- **Exercise**:
Restate the following entries exactly. Keep the pictures out.

= = = = =

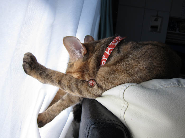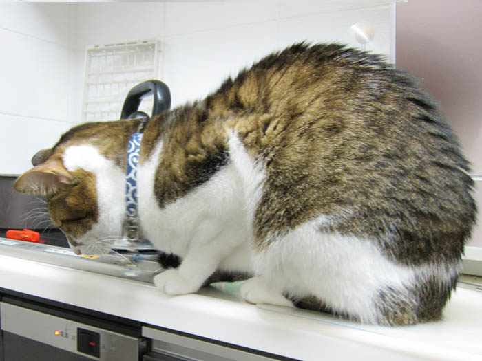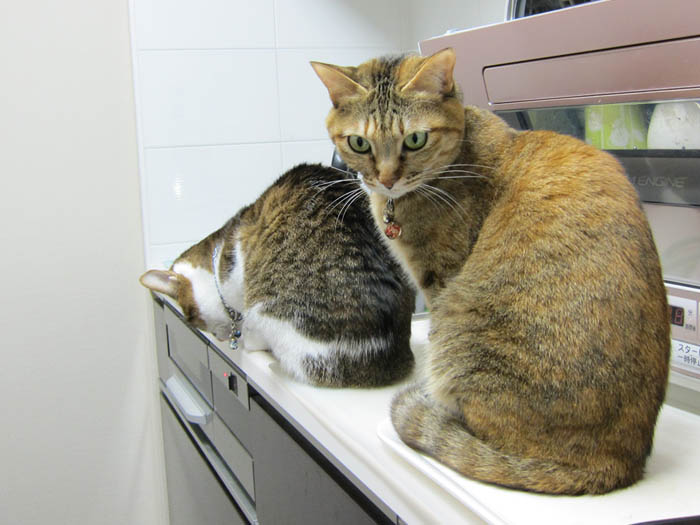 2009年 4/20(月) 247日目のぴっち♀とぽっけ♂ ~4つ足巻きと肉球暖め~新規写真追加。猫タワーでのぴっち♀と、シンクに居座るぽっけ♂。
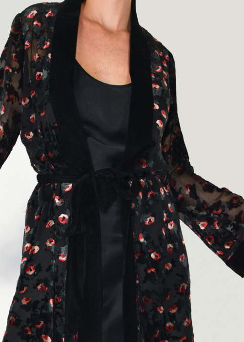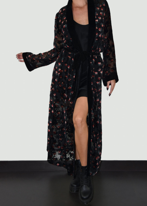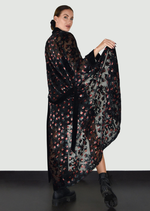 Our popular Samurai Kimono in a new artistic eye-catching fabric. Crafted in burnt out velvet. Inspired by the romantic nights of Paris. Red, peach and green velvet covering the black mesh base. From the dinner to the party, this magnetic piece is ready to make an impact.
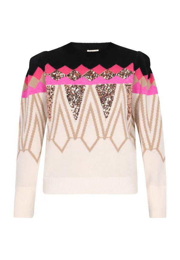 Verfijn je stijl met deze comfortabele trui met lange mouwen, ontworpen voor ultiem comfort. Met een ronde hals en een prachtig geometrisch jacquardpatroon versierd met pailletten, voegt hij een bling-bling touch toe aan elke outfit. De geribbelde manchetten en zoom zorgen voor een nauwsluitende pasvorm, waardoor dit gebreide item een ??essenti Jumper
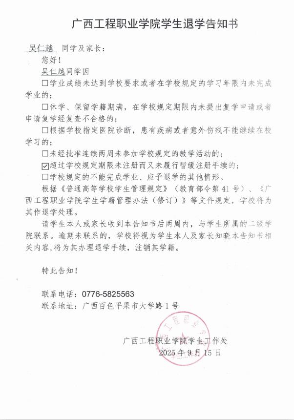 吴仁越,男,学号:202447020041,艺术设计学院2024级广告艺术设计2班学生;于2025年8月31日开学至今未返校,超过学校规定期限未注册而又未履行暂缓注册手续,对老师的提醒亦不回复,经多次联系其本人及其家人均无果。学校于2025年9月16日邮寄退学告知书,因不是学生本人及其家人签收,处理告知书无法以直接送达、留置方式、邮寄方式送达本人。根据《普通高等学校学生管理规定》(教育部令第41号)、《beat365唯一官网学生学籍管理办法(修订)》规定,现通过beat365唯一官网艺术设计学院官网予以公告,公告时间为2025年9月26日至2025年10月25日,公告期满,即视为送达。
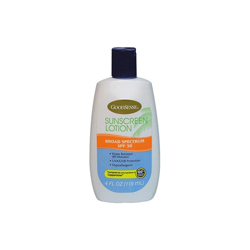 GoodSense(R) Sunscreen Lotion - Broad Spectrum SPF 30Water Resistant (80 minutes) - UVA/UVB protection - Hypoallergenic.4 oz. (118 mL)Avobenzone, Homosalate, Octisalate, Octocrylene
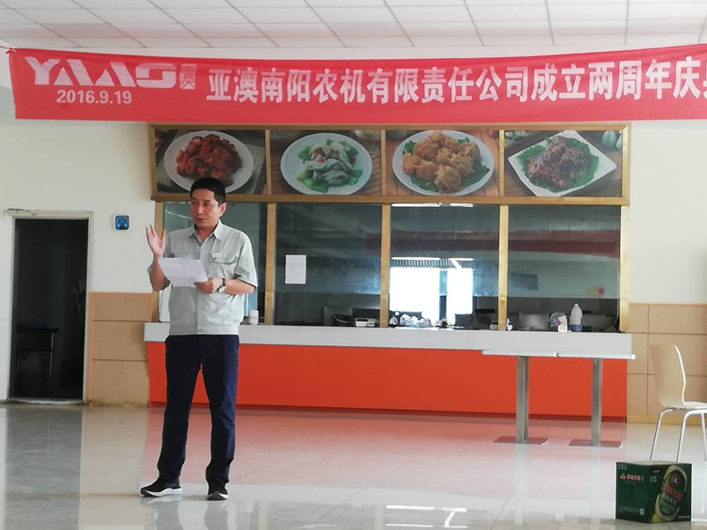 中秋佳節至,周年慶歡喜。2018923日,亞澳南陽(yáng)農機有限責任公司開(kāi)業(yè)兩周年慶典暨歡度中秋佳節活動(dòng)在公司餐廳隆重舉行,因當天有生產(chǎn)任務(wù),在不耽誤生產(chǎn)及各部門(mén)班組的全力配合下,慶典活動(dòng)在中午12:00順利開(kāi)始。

= = = = =

- **Result**:
 2009年 4/20(月) 247日目のぴっち♀とぽっけ♂ ~4つ足巻きと肉球暖め~新規写真追加。猫タワーでのぴっち♀と、シンクに居座るぽっけ♂。
 Our popular Samurai Kimono in a new artistic eye-catching fabric. Crafted in burnt out velvet. Inspired by the romantic nights of Paris. Red, peach and green velvet covering the black mesh base. From the dinner to the party, this magnetic piece is ready to make an impact.
 Verfijn je stijl met deze comfortabele trui met lange mouwen, ontworpen voor ultiem comfort. Met een ronde hals en een prachtig geometrisch jacquardpatroon versierd met pailletten, voegt hij een bling-bling touch toe aan elke outfit. De geribbelde manchetten en zoom zorgen voor een nauwsluitende pasvorm, waardoor dit gebreide item een ??essenti Jumper
 吴仁越,男,学号:202447020041,艺术设计学院2024级广告艺术设计2班学生;于2025年8月31日开学至今未返校,超过学校规定期限未注册而又未履行暂缓注册手续,对老师的提醒亦不回复,经多次联系其本人及其家人均无果。学校于2025年9月16日邮寄退学告知书,因不是学生本人及其家人签收,处理告知书无法以直接送达、留置方式、邮寄方式送达本人。根据《普通高等学校学生管理规定》(教育部令第41号)、《beat365唯一官网学生学籍管理办法(修订)》规定,现通过beat365唯一官网艺术设计学院官网予以公告,公告时间为2025年9月26日至2025年10月25日,公告期满,即视为送达。
 GoodSense(R) Sunscreen Lotion - Broad Spectrum SPF 30Water Resistant (80 minutes) - UVA/UVB protection - Hypoallergenic.4 oz. (118 mL)Avobenzone, Homosalate, Octisalate, Octocrylene
 中秋佳節至,周年慶歡喜。2018923日,亞澳南陽(yáng)農機有限責任公司開(kāi)業(yè)兩周年慶典暨歡度中秋佳節活動(dòng)在公司餐廳隆重舉行,因當天有生產(chǎn)任務(wù),在不耽誤生產(chǎn)及各部門(mén)班組的全力配合下,慶典活動(dòng)在中午12:00順利開(kāi)始。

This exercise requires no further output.